=== What to work on ===
In the records below, the line that contains "This beaded Angelic" marks the start. Copy it and each line after it through the end, exactly, without pictures.

[Excerpted records]

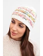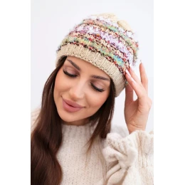 Dámska zimná čiapka s farebným vláknom a elastickou šnúrkou K352 beige
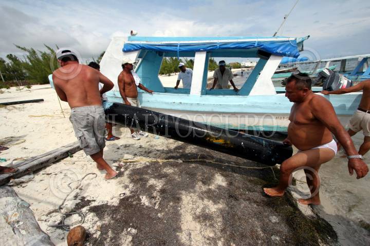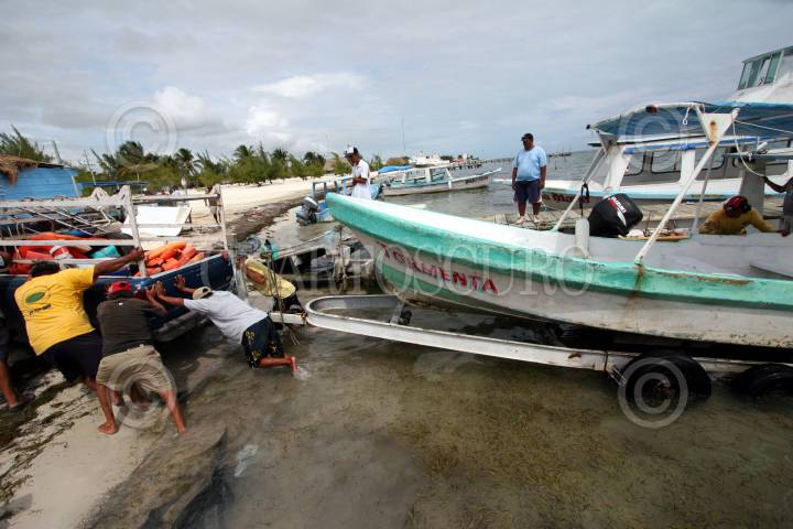 CANCÚN, QUINTANA ROO, 12OCTUBRE2010.- Pescadores resguardan sus embarcaciones ante la cercania del huracán "Paula" en las costas de Quintana Roo, se ha emitido alerta amarila para Cancún y naranja en la isla de Cozumel los puertos a la navegacion han sido cerrados. FOTO: AMARANTA PRIETO/CUARTOSCURO.COM
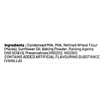 Condensed Milk, Milk, Refined Wheat Flour (Maida), Sunflower Oil, Baking Powder, Raising Agents (Ins 500(Ii)), Preservatives (Ins202, Ins282) Contains Added Artificial Flavouring Substances (Vanilla)
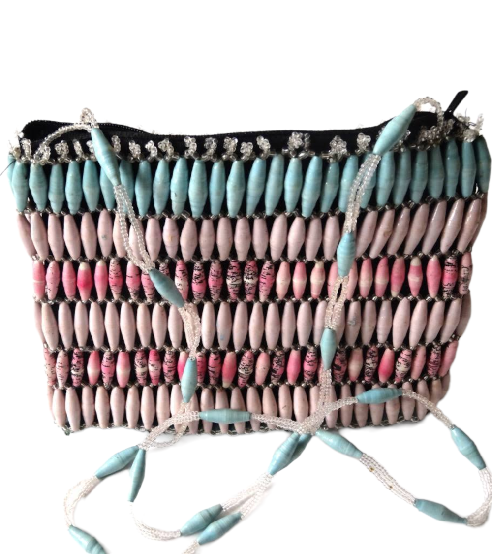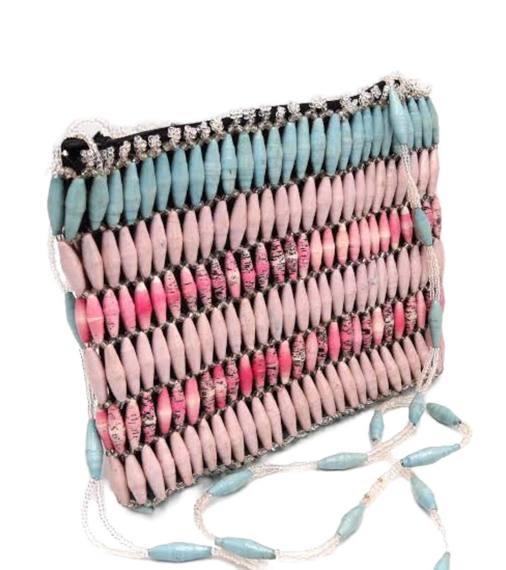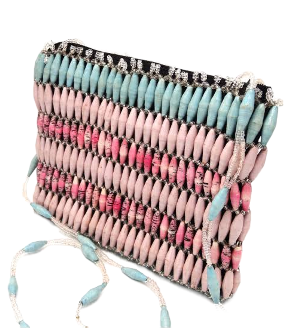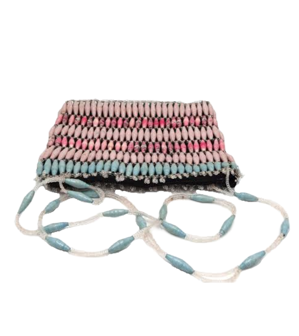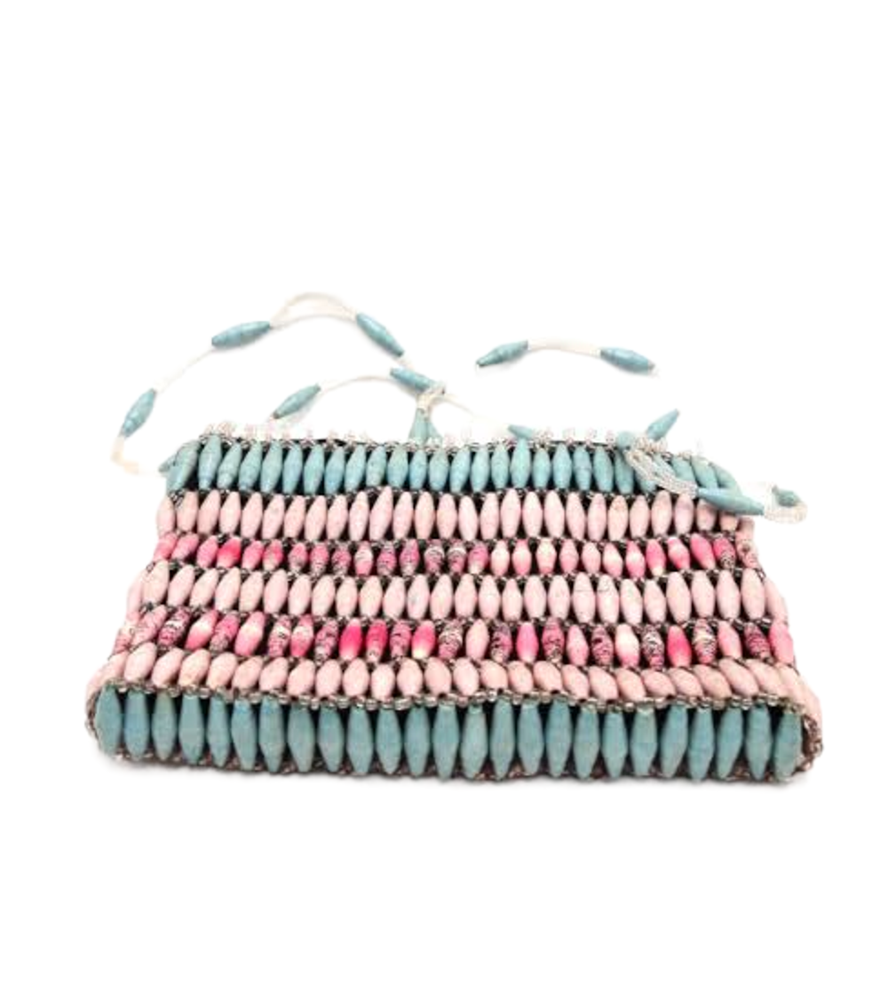 This beaded Angelic Pink blue bead bag purse is a unique one of a kind design from recycled paper with each bead carefully rolled and varnished. Carefully designed hand rolled beads strung into patterns with interlinking glass beads to create a singularly unique purse.
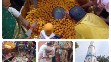चंदौली-चकिया बाबा जागेश्वरनाथ धाम पर श्रद्धालू ने ढाई कुंतल लडडू से उनका शृंगार किया।
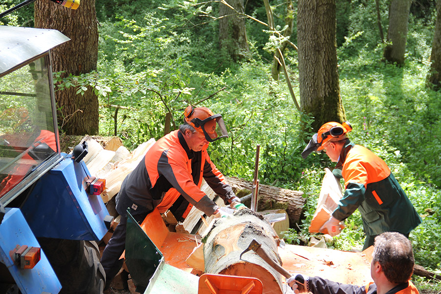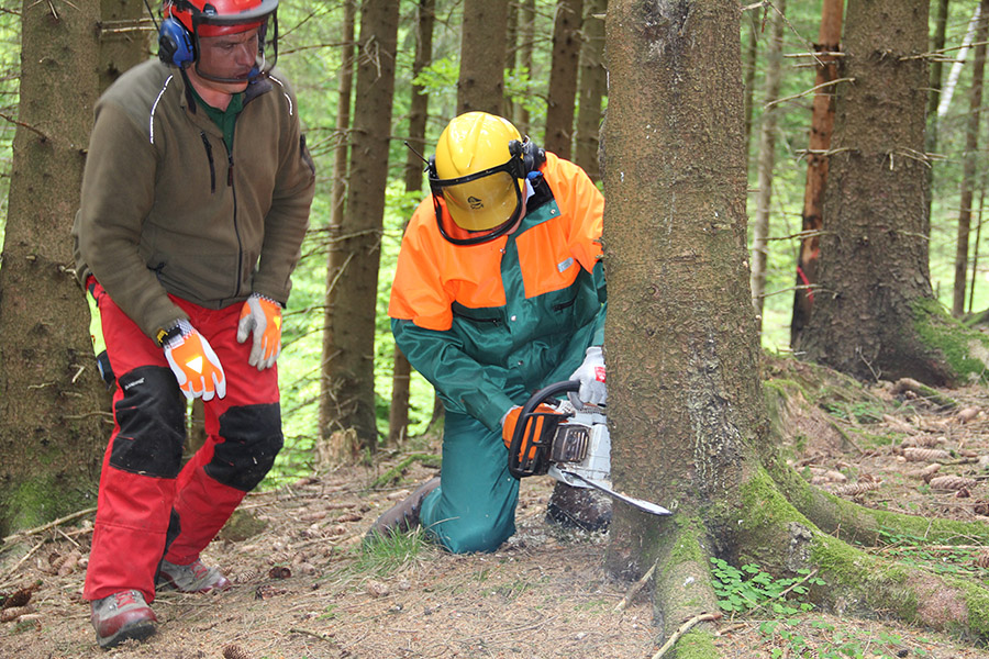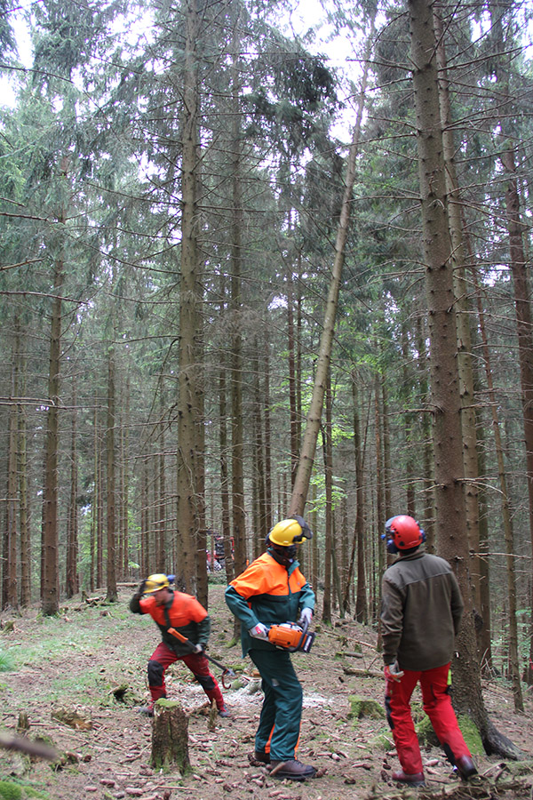 Anschließend durfte Weil eine etwa 25 Meter hohe und 30 Zentimeter starke Fichte mit der Motorsäge fällen. Dabei musste er zunächst einen Fallkerb in den Baum sägen, um damit die Fällrichtung festzulegen. An der gegenüberliegenden Seite des Baumes setzte er die Säge zum Fällschnitt an und sägte den Baum bis auf eine Bruchleiste durch. Grundsätzlich wird ein Baum dann nicht umgesägt, sondern, falls er nicht von selbst fällt, umgekeilt.

[/Excerpted records]

=== Final answer ===
 This beaded Angelic Pink blue bead bag purse is a unique one of a kind design from recycled paper with each bead carefully rolled and varnished. Carefully designed hand rolled beads strung into patterns with interlinking glass beads to create a singularly unique purse.
चंदौली-चकिया बाबा जागेश्वरनाथ धाम पर श्रद्धालू ने ढाई कुंतल लडडू से उनका शृंगार किया।
 Anschließend durfte Weil eine etwa 25 Meter hohe und 30 Zentimeter starke Fichte mit der Motorsäge fällen. Dabei musste er zunächst einen Fallkerb in den Baum sägen, um damit die Fällrichtung festzulegen. An der gegenüberliegenden Seite des Baumes setzte er die Säge zum Fällschnitt an und sägte den Baum bis auf eine Bruchleiste durch. Grundsätzlich wird ein Baum dann nicht umgesägt, sondern, falls er nicht von selbst fällt, umgekeilt.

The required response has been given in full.